From the Chair of Cardiosurgery University of Rome “Tor Vergata”, Rome, Italy
Background. Controversies still exist over the optimal temperature for blood cardioplegia and systemic perfusion. This study investigates the effect of temperature of blood cardioplegia and systemic perfusion on the release of troponin I and other biochemical markers.

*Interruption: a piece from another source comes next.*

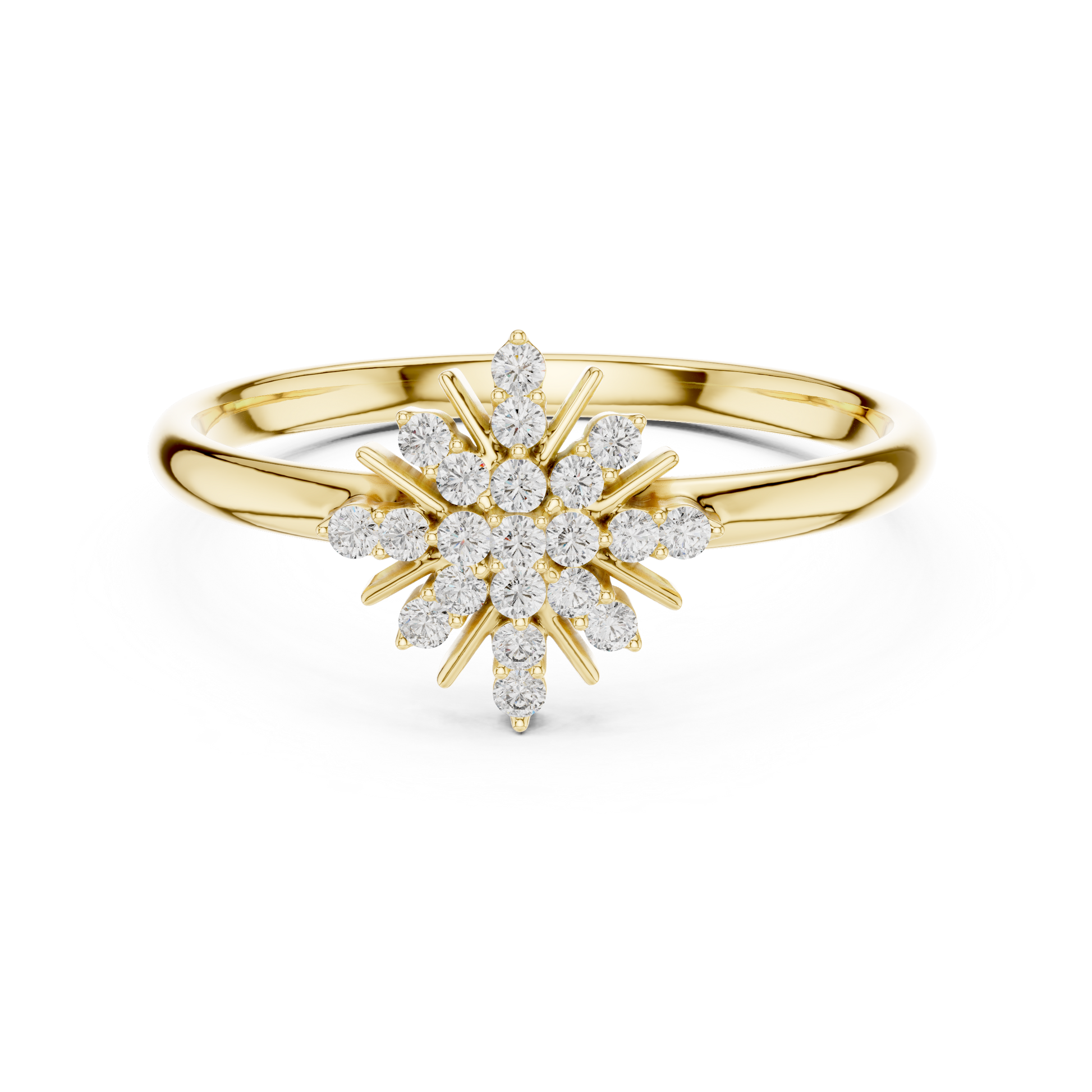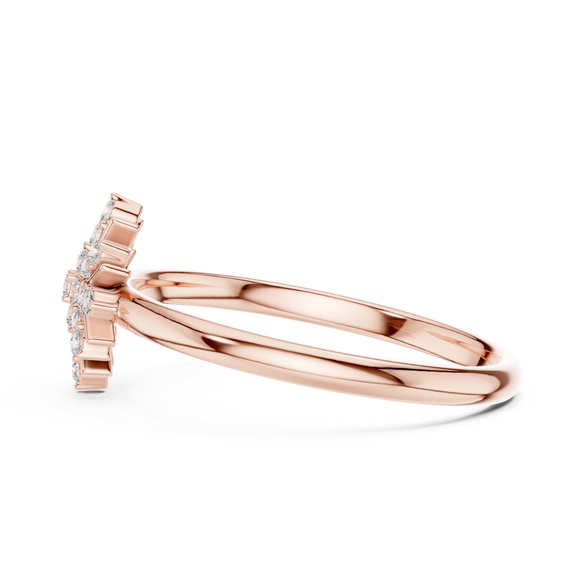 This striking design features a multi-point diamond constellation, where lab-grown diamonds radiate outward from a luminous core, creating a bold yet elegant starburst silhouette. Polished rose-gold prongs extend like beams of light, adding dimension, symmetry, and a powerful sense of motion. The result is a ring that feels both celestial and architectural—modern luxury with unmistakable presence.

Methods. One hundred and fifty-four consecutive patients were randomly assigned to one of two cardioplegic and systemic perfusion strategies of cold blood cardioplegia with moderate systemic hypothermia (27°C) or tepid blood cardioplegia with mild systemic hypothermia (33°C). Cardiac troponin I and other biochemical markers were measured at baseline, at the end of surgery, at 12 hours and daily thereafter. A two-way ANCOVA for repeated measure was performed to test the effect of cardioplegia on enzyme release independently of variables that were different between the two groups.
Results. The time course of dismission of troponin I, creatine kinase MB, and lactate dehydrogenase were significantly lower with tepid blood cardioplegia and mild systemic perfusion independently of the number of distal anastomoses, CPB time, cross clamp time or total volume of cardioplegia. There were no differences between the two groups in the release of total creatine kinase, aspartate transaminase and alanine transferase.
Conclusions. Both strategies of myocardial protection and systemic perfusion guarantee subclinical minor myocardial damage. The strategy of tepid whole blood cardioplegia and mild systemic hypothermia seems to preserve myocardium better than whole blood cold cardioplegia.